An abortive encounter with a sex worker (Taylour Paige, wonderful in her disappointingly brief screen time) shows that any human connection is now beyond his reach. And a meeting with an inspirational figure gives him a much-needed lift only to leave him feeling degraded. Bynum justifies that scene as another crucial step in Killian’s unraveling. But the film could be accused of homophobia by adding that factor to the already abundant reasons for the protagonist’s self-hatred.
It’s when Killian purchases an arsenal of guns that the movie starts tipping over the edge into excess and obviousness. I mean, who doesn’t want to hear the great Nick Lowe song “The Beast in Me,” but as a portent of violent fantasies being unleashed, its lyrics could hardly be more literal. The clumsiest interlude occurs in a bar, where Killian is approached by a drunken cokehead who steers him into the bathroom to snort a few lines. The stranger then launches into a hate-fueling rant that’s so wildly overwritten in its world-gone-to-shit societal disgust and urge for revenge it takes you out of the movie.
The expectation of climactic bloodshed is palpable, and Bynum certainly knows how to ratchet up the dread and suspense by agonizing degrees. But Magazine Dreams is far more interesting as a piercingly intimate psychological study of a giant enfeebled by a world in which the odds feel stacked against him, making him feel pathetic and unseen. There’s more than enough dimension and complex duality in Majors’ mesmerizing performance to sustain that narrative without turning it into a Taxi Driver riff in which the ultimate violence is a queasy tease, a flashy detour before the distressing reality of a broken man again takes hold.
The missteps of the final act don’t detract from the magnificence of Majors’ work exploring the physical, mental and spiritual anguish of a person caught in the helpless grip of a singular obsession — arguably America’s defining obsession with celebrity and success — cruelly destined to remain out of reach.
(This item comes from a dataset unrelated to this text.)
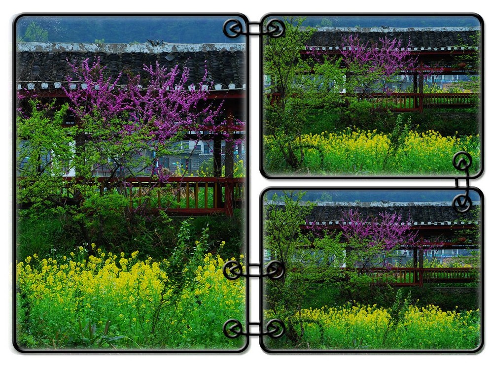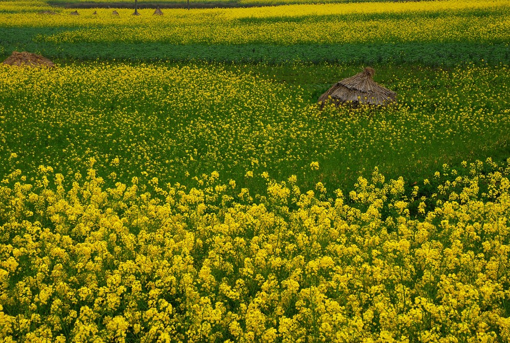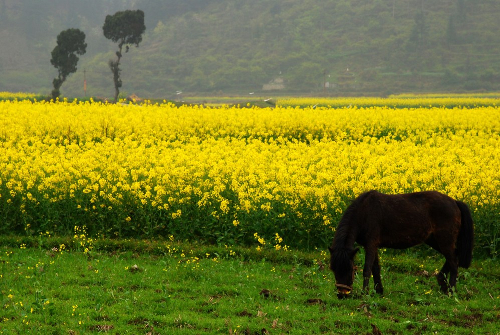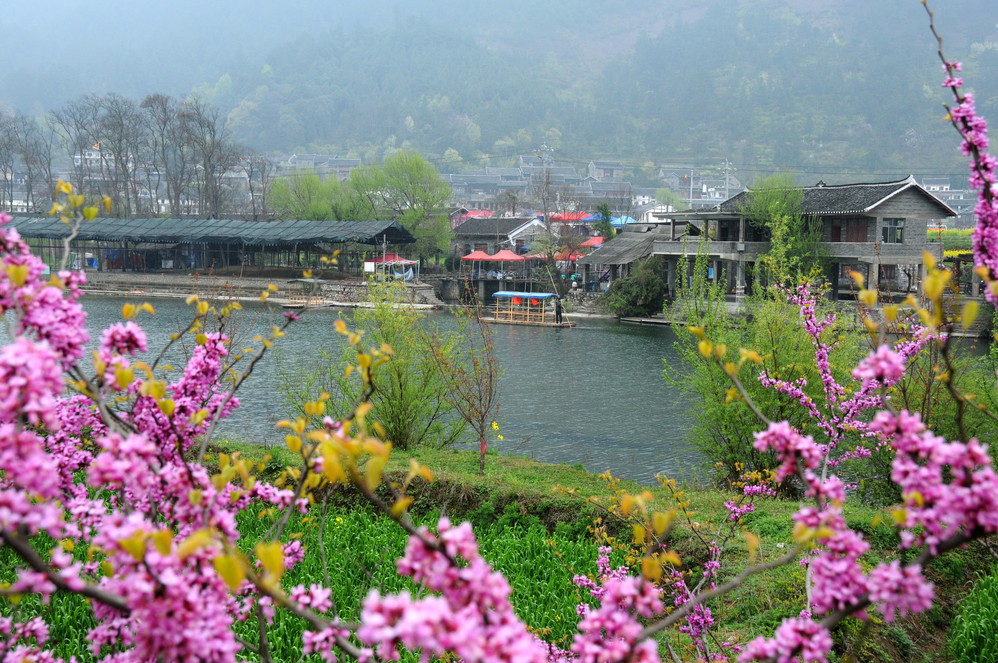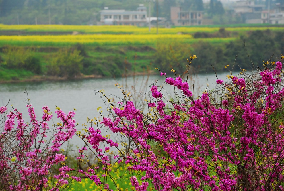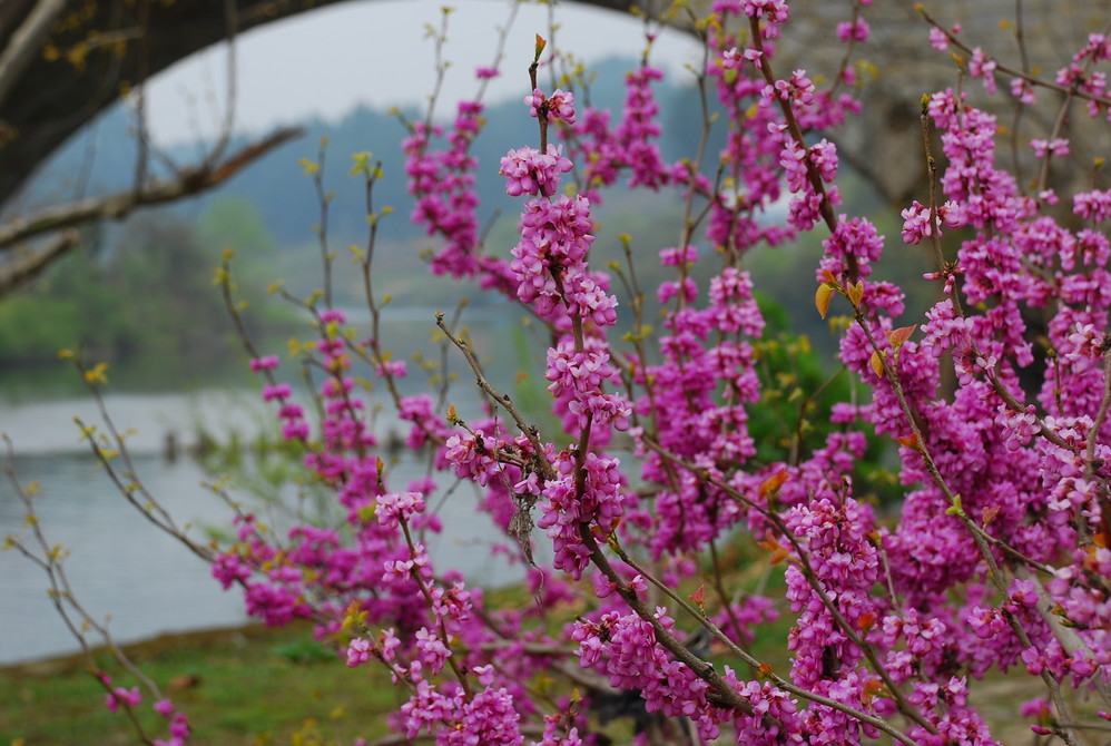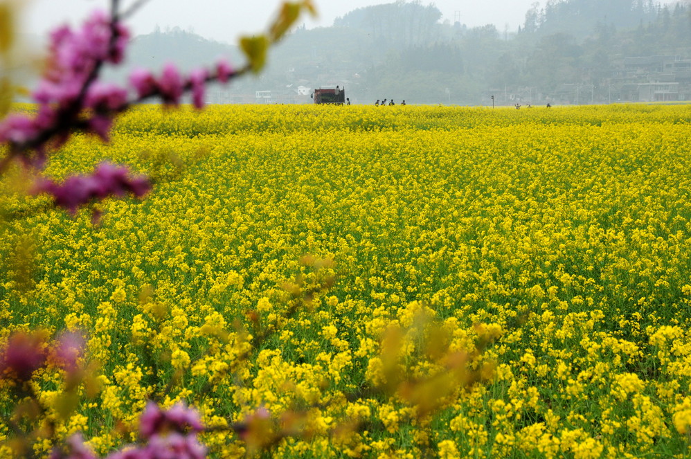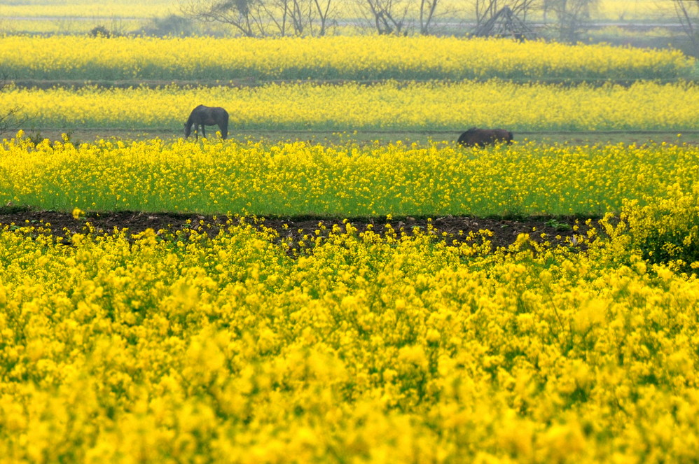 所谓金海雪山 是指山上长雪白的李花田野遍地是金灿灿的油菜花。可能来晚了,只余金海秃山了。不过光是寨前连绵的油菜地也让我们不虚此行。流经音寨的瓮城河河面宽阔,水流舒缓,碧波澄澈,古桥、流水、回廊与盛开的金黄色油菜花相映成趣,构成一幅幅田园风光,野趣横生。
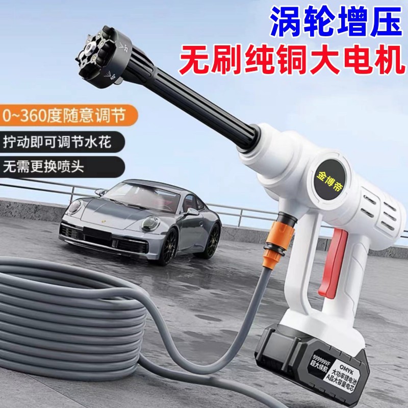 家庭用高圧洗车水ガンワイヤレスポータブル电気洗车机ポータブル充电式ハイパワーウォーターポンプブラシ

Nor do the questionable decisions take away from the movie’s consistently sharp craftsmanship, notably Arkapaw’s highly controlled visuals — the images alternately naturalistic, dreamlike and poetic, or darkening into brooding menace. Jon Otazua’s editing tracks Killian’s descent with sinuous fluidity that fuels the story’s fatalistic progression. And Hill’s tonally precise and richly varied score — laced with classical passages from Elgar, Wagner and Saint-Saens — makes haunting use of mournful strings and employs urgent drumming to chilling effect.
Its flaws notwithstanding, Magazine Dreams is a profoundly unsettling experience from which it’s impossible to look away.